Task requirements
Please write the listing below out again exactly, leaving every picture behind.

Information supplied
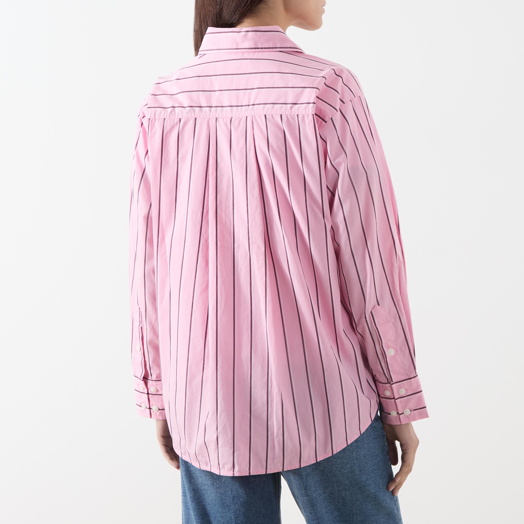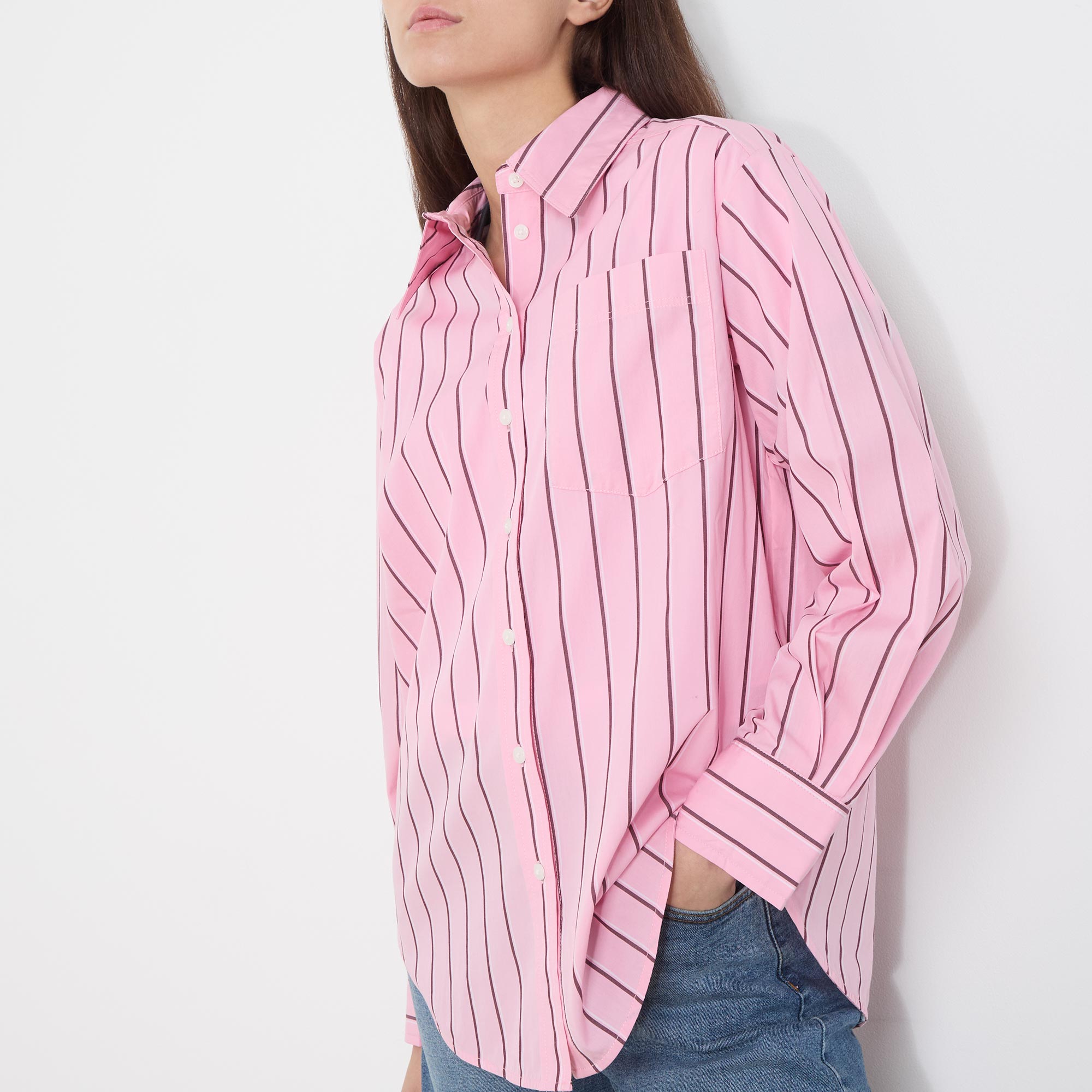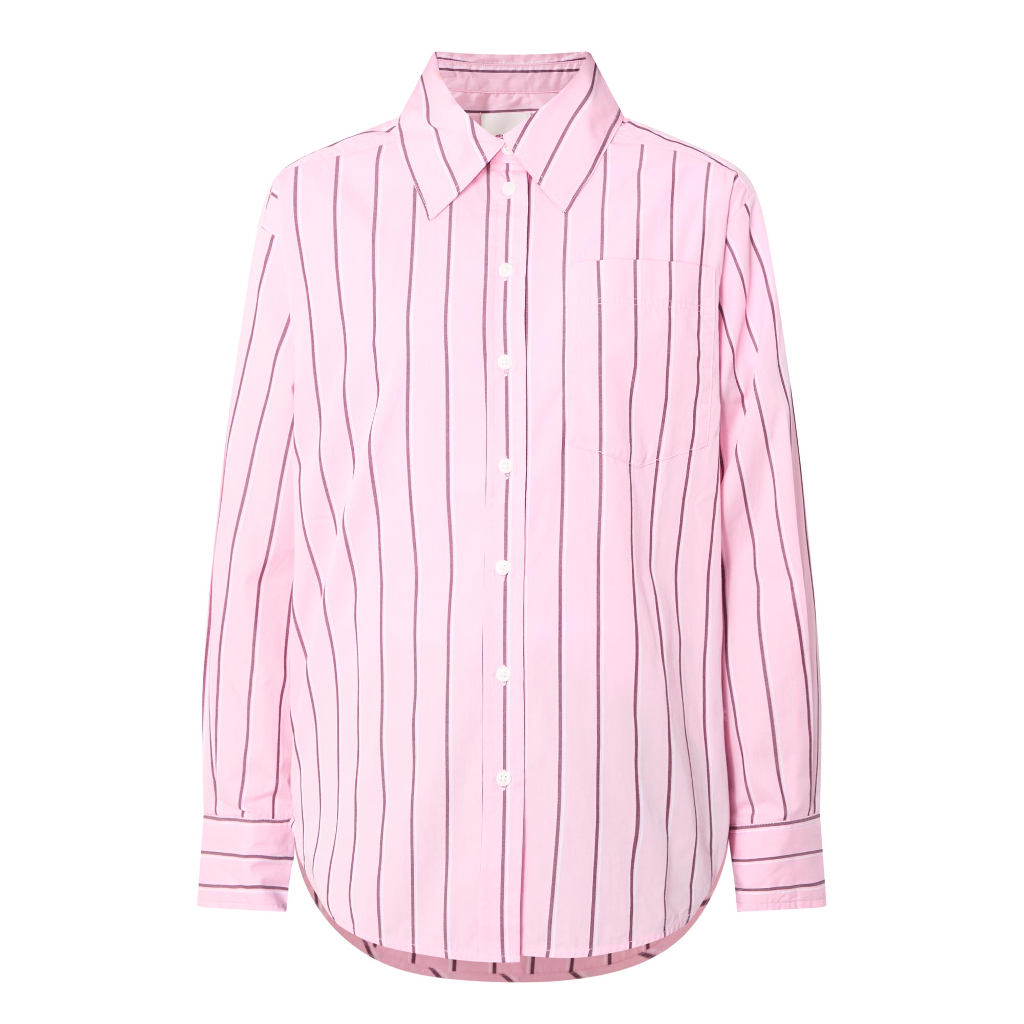- Pointed collar, button fastening, chest pocket, curved hemline, long sleeves, single-cuff, stripe pattern
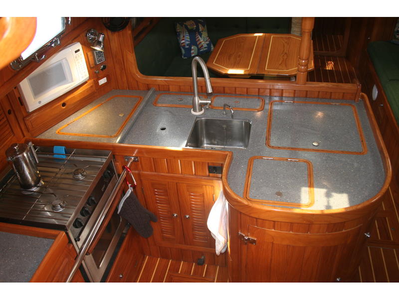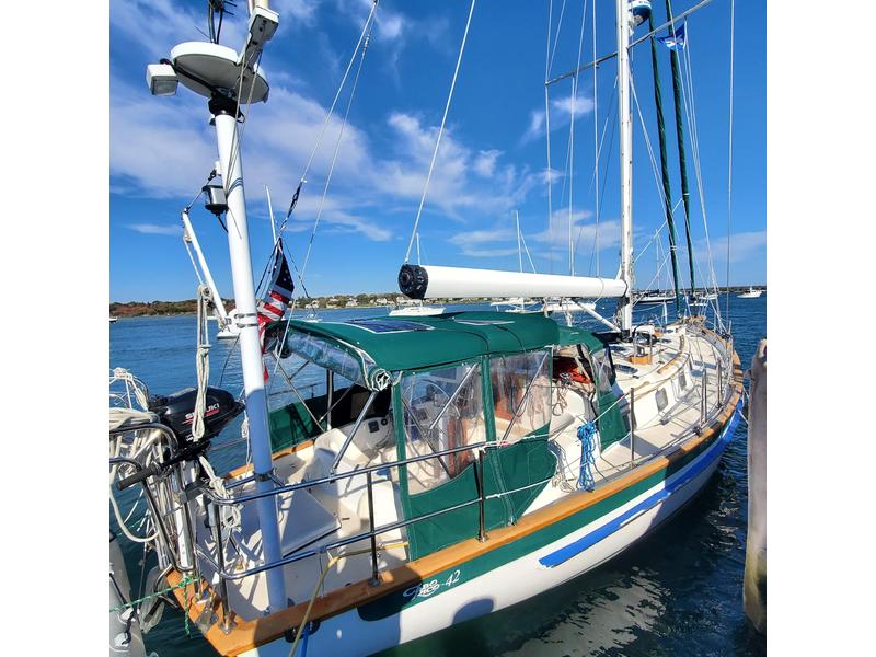 Mechanical Systems Yanmar 4JH3E, HP diesel engine, 2200 hrs serviced at 2000 hrs, filters and oil changed regularly 39 gal single s/s fuel tank with tank guage Dual Racor filters Reverso Engine oil change system Reverso Fuel polishing system 12V Lifeline AGM start battery new 2022 Cutlass bearing replaced 2023 Fixed prop on shaft Secondary 3 blade feathering prop as spare (serviced in 2024) Vetus Bow Thruster lower prop component replaced and tunnel reglassed 2024, motor serviced 2025 Electrical Systems 5 125ah Lifeline AGM house batteries 2022 1 155 watt semi flexible Sunpower solar panels 2025 2 145 watt semi flexible Sunpower solar panels 2022 SmartSolar MPPT Controller 100-50 MPPT control meter for Victron Victon Smart Battery Temp sensor 2000 watt inverter/charger Balmar 100 amp alternator Balmar MC612H Smart regulator Wema Tank gauges for fuel & water 6 110 GFCI outlets (2 in port lazarette 3 DC outlets (1 in cockpit instrument panel) Xantrex Link 10 power monitor Xantrex Freedom Marine 20, 2000 watt inverter w/Xantrex control panel Xantrex Freedom Marine 20 100 amp charger Paneltronics circuit breaker panel well labeled Cabin lights refitted with LED bulbs Galley lights on dimmer Sails and Rigging Doyle sails: full batten main, 120 Genoa, Staysail good condition, serviced annually Asymetrical Schaefer roller furling boom and vang Schaefer roller furlers for genoa and stay sails new 2025 Main sail running rigging new 2022 Genoa and staysail running rigging new 2024/25 3 Lewmar electric winches for main and genoa Whisker pole All lines led to cockpit for solo or shorthanded control Split backstay with SSB isolators Electronics Furuno NavNet TZ Touch 3 2022 Furuno NXT Doppler Radar 2022 Furuno F170 Color LCD instrument.data organizer at nav station 2022 ICOM VHF 2022 with command mic for helm Si-Tex Class B/SO AIS 2002 Furuno bronze thruhull digital depth, speed & temp sensor 2024 Predictwind Iridium Go and data port w/external antenna 2023 Raymarine ST60 wind display Raymarine ST 6001 Autopilot hydraulic drive serviced 2022 Raymarine S3G AST course computer rebuilt 2023 Yaesu FT-857 SSB HF/VHF/UHF Ritchie Compass compensated 2022 Safety Equipment ACR EPIRB 2022 Viking 4 person life raft serviced 2022 72 lb Rocna anchor w/200 ft 5/16 chain rode 44 lb Bruce anchor w/ 5/16 chain and 9/16 rode 45 lb CQR anchor available on request Dymeena lifelines Muir Cheeta HR2500 12 volt/manual capstan and gypsy w/foot pads & remote at helm 3 fire extinguishers 2022 MOB throw line Orion canister kit 2022 Bell (not mounted) All nav lights LED Emergency tiller No Strike Lightening Protection device w/hull grounding plates Primary bilge pump w/float switch Secondary bilge pump with high water alarm Delta Drogue Additional Equipment West Marine 3 person dinghy 2.5 hp Suzuki outboard Davits Stern mast with spotlight, antennas and outboard hoist Edson Stern outboard mount Teak and stainless swim ladder Green Sunbrella dodger with Isinglass, bimini, connector panel Green Sunbrella Full enclosure with isinglass panels Helm cover, leisure furl mainsail cover, handrail and winch covers Screened companionway doors for warm weather ventilation Cockpit table Specs Model:Cutter LOA: 46 6 LOD:42 LWL:32' Beam: 12 8 Draft: 5 3 (6 loaded) Cruising speed 6kts Bridge clearance 59' Sail area 909 sf SA/D 16.6 Bal/D:38.81 Comfort ratio 1.7 Cabin height 6'6" |
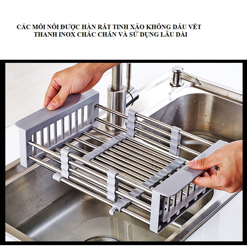 Rổ inox rút gọn - Khay inox gác bồn rửa tiện dụng-Chất liệu inox kết hợp cùng nhựa ABS cao cấp, gia công kỹ lưỡng, chịu được tải trọng cao.
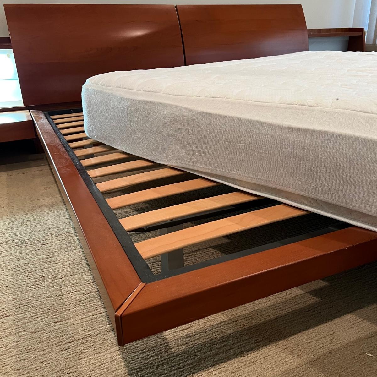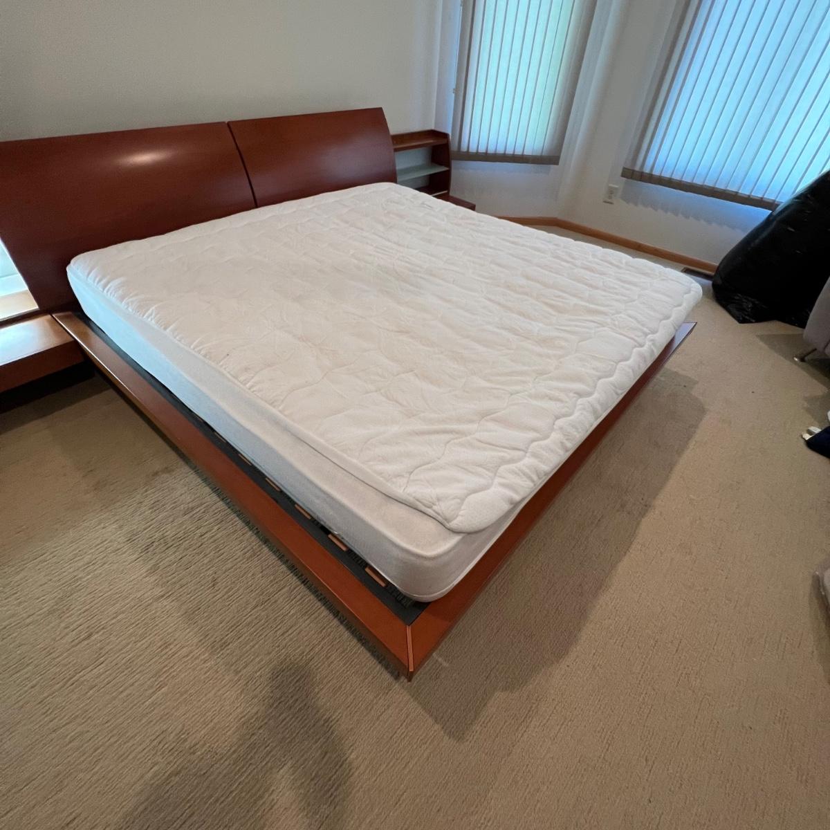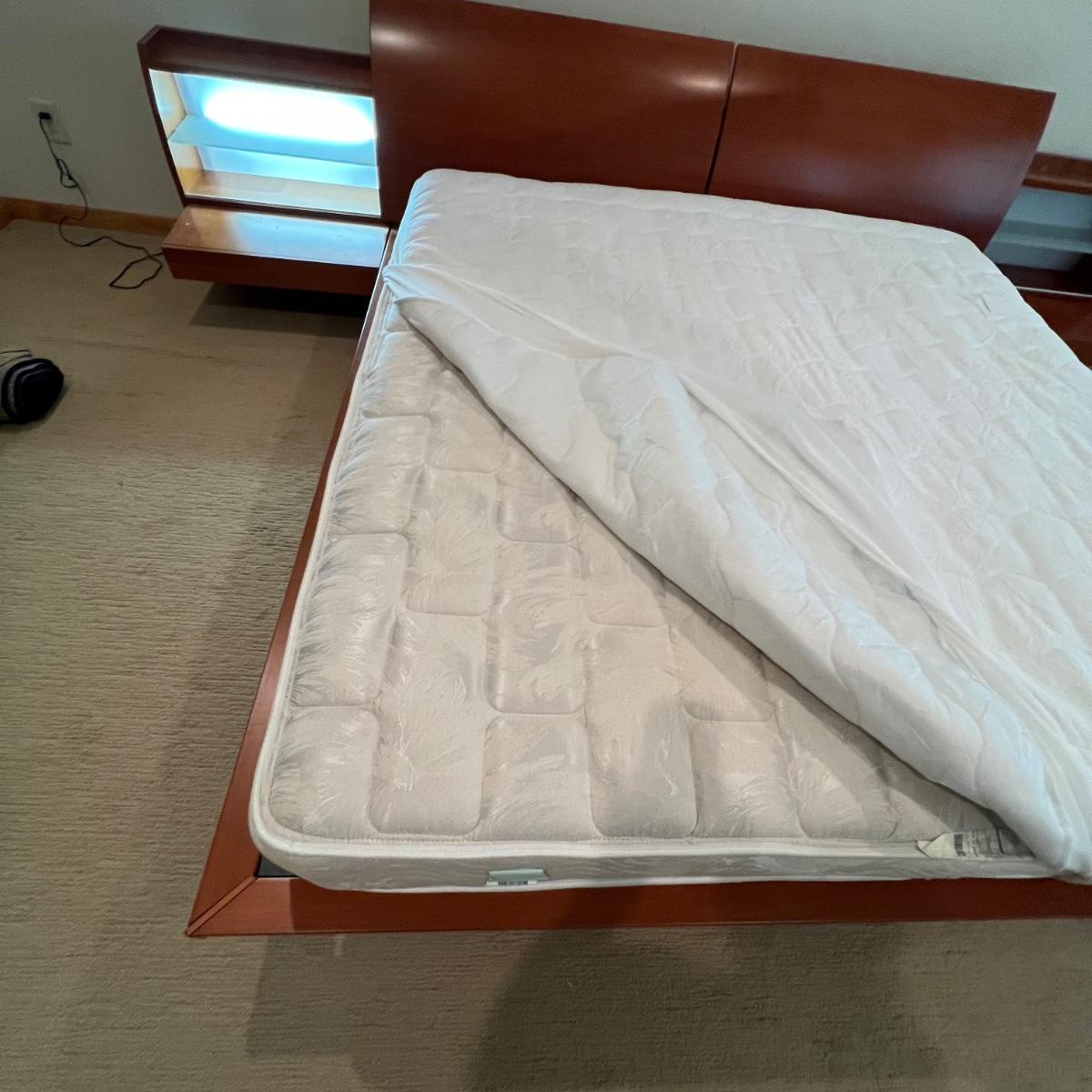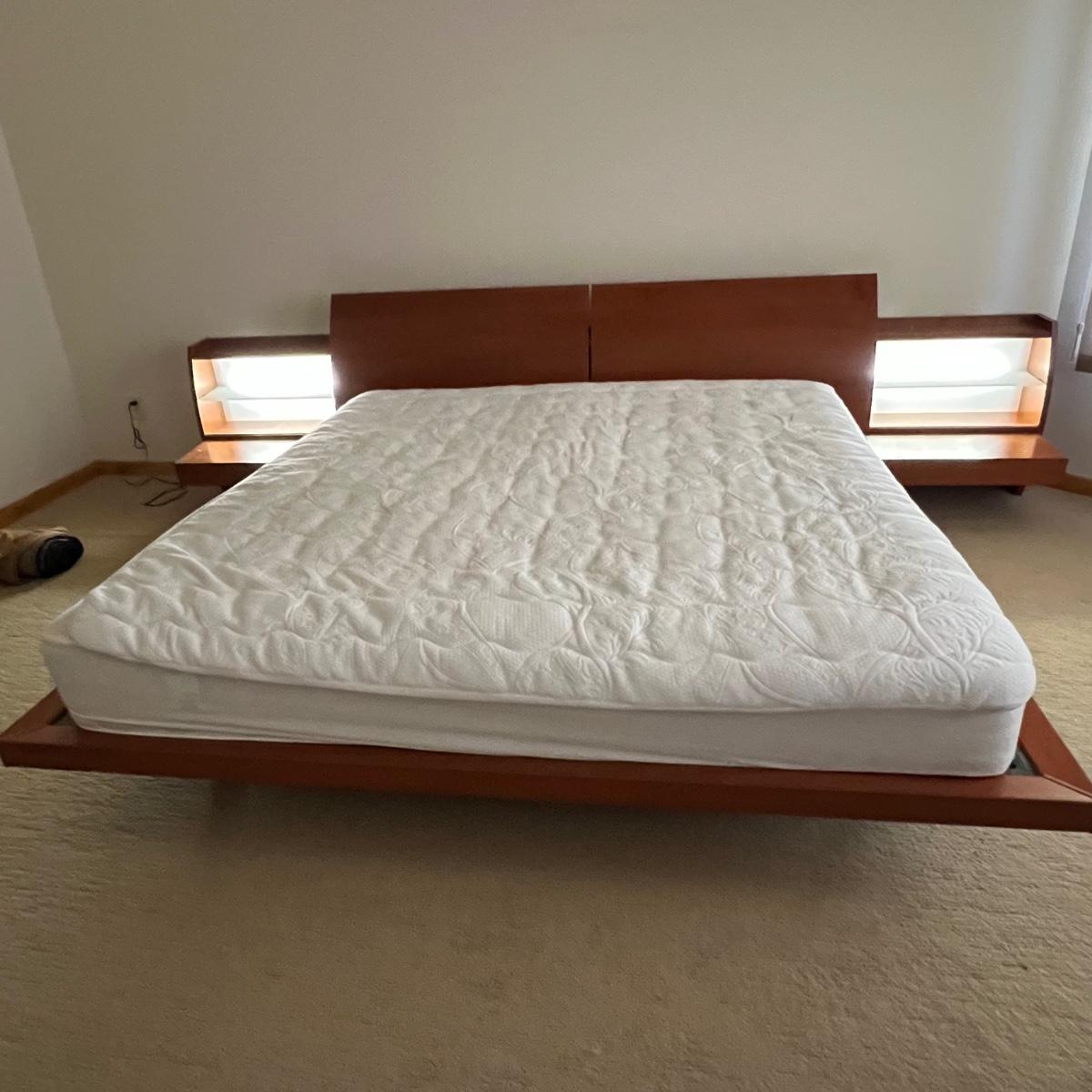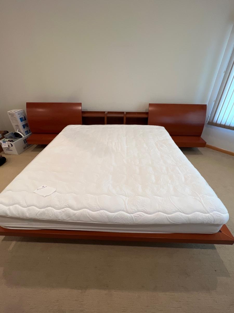 This stunning MCM style bed’s label states it’s a cherry Fushido bed and the mfg. label appears to have the Alfa Italia logo. This unique platform bed has a built in headboard and side sections that include a lower drawer below a glass shelf; both of these sections have lights. Each half of the headboard slides outwards to reveal that the shelves continue all the way to the center. Note there are a few light marks in the wood on top of the drawers. The mattress which has a protective cover on it is available to the winning bidder if they want it. It appears that the headboard can be split into two sections, the last photos show the bolts and screws that will dissemble it, please bring appropriate tools. Note the platform section could only be dissembled into two pieces if the wood surround is dismantled.

Response area
- Pointed collar, button fastening, chest pocket, curved hemline, long sleeves, single-cuff, stripe pattern
 Mechanical Systems Yanmar 4JH3E, HP diesel engine, 2200 hrs serviced at 2000 hrs, filters and oil changed regularly 39 gal single s/s fuel tank with tank guage Dual Racor filters Reverso Engine oil change system Reverso Fuel polishing system 12V Lifeline AGM start battery new 2022 Cutlass bearing replaced 2023 Fixed prop on shaft Secondary 3 blade feathering prop as spare (serviced in 2024) Vetus Bow Thruster lower prop component replaced and tunnel reglassed 2024, motor serviced 2025 Electrical Systems 5 125ah Lifeline AGM house batteries 2022 1 155 watt semi flexible Sunpower solar panels 2025 2 145 watt semi flexible Sunpower solar panels 2022 SmartSolar MPPT Controller 100-50 MPPT control meter for Victron Victon Smart Battery Temp sensor 2000 watt inverter/charger Balmar 100 amp alternator Balmar MC612H Smart regulator Wema Tank gauges for fuel & water 6 110 GFCI outlets (2 in port lazarette 3 DC outlets (1 in cockpit instrument panel) Xantrex Link 10 power monitor Xantrex Freedom Marine 20, 2000 watt inverter w/Xantrex control panel Xantrex Freedom Marine 20 100 amp charger Paneltronics circuit breaker panel well labeled Cabin lights refitted with LED bulbs Galley lights on dimmer Sails and Rigging Doyle sails: full batten main, 120 Genoa, Staysail good condition, serviced annually Asymetrical Schaefer roller furling boom and vang Schaefer roller furlers for genoa and stay sails new 2025 Main sail running rigging new 2022 Genoa and staysail running rigging new 2024/25 3 Lewmar electric winches for main and genoa Whisker pole All lines led to cockpit for solo or shorthanded control Split backstay with SSB isolators Electronics Furuno NavNet TZ Touch 3 2022 Furuno NXT Doppler Radar 2022 Furuno F170 Color LCD instrument.data organizer at nav station 2022 ICOM VHF 2022 with command mic for helm Si-Tex Class B/SO AIS 2002 Furuno bronze thruhull digital depth, speed & temp sensor 2024 Predictwind Iridium Go and data port w/external antenna 2023 Raymarine ST60 wind display Raymarine ST 6001 Autopilot hydraulic drive serviced 2022 Raymarine S3G AST course computer rebuilt 2023 Yaesu FT-857 SSB HF/VHF/UHF Ritchie Compass compensated 2022 Safety Equipment ACR EPIRB 2022 Viking 4 person life raft serviced 2022 72 lb Rocna anchor w/200 ft 5/16 chain rode 44 lb Bruce anchor w/ 5/16 chain and 9/16 rode 45 lb CQR anchor available on request Dymeena lifelines Muir Cheeta HR2500 12 volt/manual capstan and gypsy w/foot pads & remote at helm 3 fire extinguishers 2022 MOB throw line Orion canister kit 2022 Bell (not mounted) All nav lights LED Emergency tiller No Strike Lightening Protection device w/hull grounding plates Primary bilge pump w/float switch Secondary bilge pump with high water alarm Delta Drogue Additional Equipment West Marine 3 person dinghy 2.5 hp Suzuki outboard Davits Stern mast with spotlight, antennas and outboard hoist Edson Stern outboard mount Teak and stainless swim ladder Green Sunbrella dodger with Isinglass, bimini, connector panel Green Sunbrella Full enclosure with isinglass panels Helm cover, leisure furl mainsail cover, handrail and winch covers Screened companionway doors for warm weather ventilation Cockpit table Specs Model:Cutter LOA: 46 6 LOD:42 LWL:32' Beam: 12 8 Draft: 5 3 (6 loaded) Cruising speed 6kts Bridge clearance 59' Sail area 909 sf SA/D 16.6 Bal/D:38.81 Comfort ratio 1.7 Cabin height 6'6" |
 Rổ inox rút gọn - Khay inox gác bồn rửa tiện dụng-Chất liệu inox kết hợp cùng nhựa ABS cao cấp, gia công kỹ lưỡng, chịu được tải trọng cao.
 This stunning MCM style bed’s label states it’s a cherry Fushido bed and the mfg. label appears to have the Alfa Italia logo. This unique platform bed has a built in headboard and side sections that include a lower drawer below a glass shelf; both of these sections have lights. Each half of the headboard slides outwards to reveal that the shelves continue all the way to the center. Note there are a few light marks in the wood on top of the drawers. The mattress which has a protective cover on it is available to the winning bidder if they want it. It appears that the headboard can be split into two sections, the last photos show the bolts and screws that will dissemble it, please bring appropriate tools. Note the platform section could only be dissembled into two pieces if the wood surround is dismantled.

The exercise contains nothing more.